Information supplied:
/---
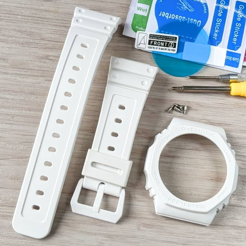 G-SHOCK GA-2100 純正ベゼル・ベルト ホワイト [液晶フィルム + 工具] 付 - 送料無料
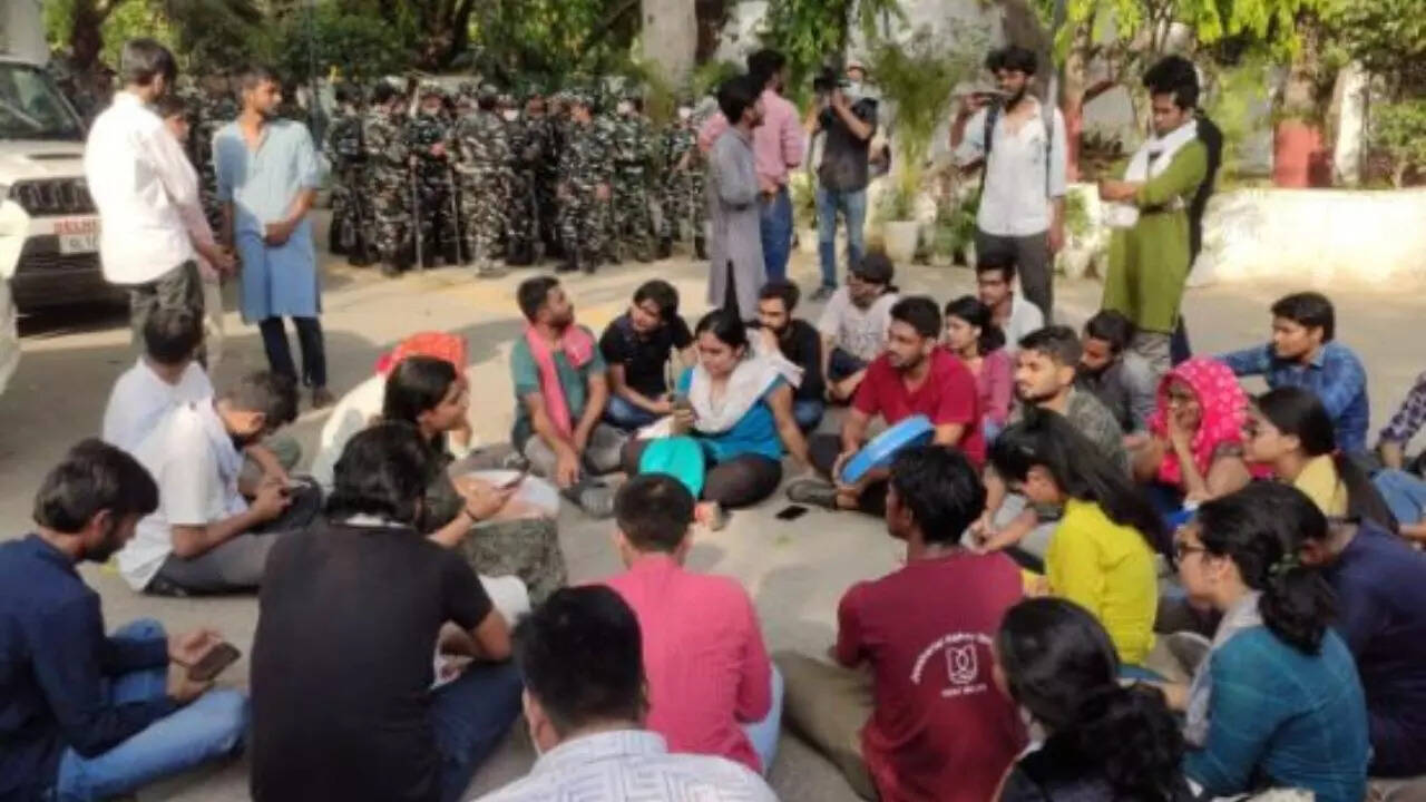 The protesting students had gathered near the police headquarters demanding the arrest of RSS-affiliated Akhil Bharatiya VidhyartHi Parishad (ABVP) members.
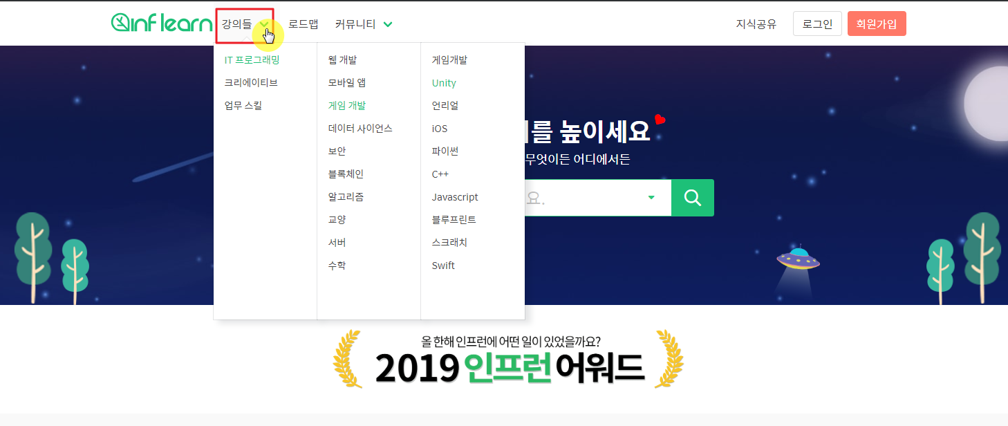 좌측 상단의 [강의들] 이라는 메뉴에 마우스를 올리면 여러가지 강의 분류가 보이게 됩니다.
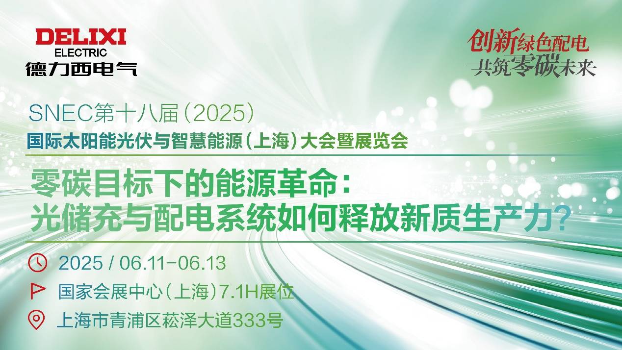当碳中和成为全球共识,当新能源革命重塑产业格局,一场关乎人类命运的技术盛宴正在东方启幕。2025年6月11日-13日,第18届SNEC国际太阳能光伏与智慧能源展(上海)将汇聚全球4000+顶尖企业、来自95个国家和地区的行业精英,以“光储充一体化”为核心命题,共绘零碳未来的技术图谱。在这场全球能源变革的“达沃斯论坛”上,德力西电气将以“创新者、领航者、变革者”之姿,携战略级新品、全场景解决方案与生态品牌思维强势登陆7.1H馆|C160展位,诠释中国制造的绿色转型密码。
\---
What you need to do: Return the listing above unaltered, omitting its pictures.

Task response:
 G-SHOCK GA-2100 純正ベゼル・ベルト ホワイト [液晶フィルム + 工具] 付 - 送料無料
 The protesting students had gathered near the police headquarters demanding the arrest of RSS-affiliated Akhil Bharatiya VidhyartHi Parishad (ABVP) members.
 좌측 상단의 [강의들] 이라는 메뉴에 마우스를 올리면 여러가지 강의 분류가 보이게 됩니다.
当碳中和成为全球共识,当新能源革命重塑产业格局,一场关乎人类命运的技术盛宴正在东方启幕。2025年6月11日-13日,第18届SNEC国际太阳能光伏与智慧能源展(上海)将汇聚全球4000+顶尖企业、来自95个国家和地区的行业精英,以“光储充一体化”为核心命题,共绘零碳未来的技术图谱。在这场全球能源变革的“达沃斯论坛”上,德力西电气将以“创新者、领航者、变革者”之姿,携战略级新品、全场景解决方案与生态品牌思维强势登陆7.1H馆|C160展位,诠释中国制造的绿色转型密码。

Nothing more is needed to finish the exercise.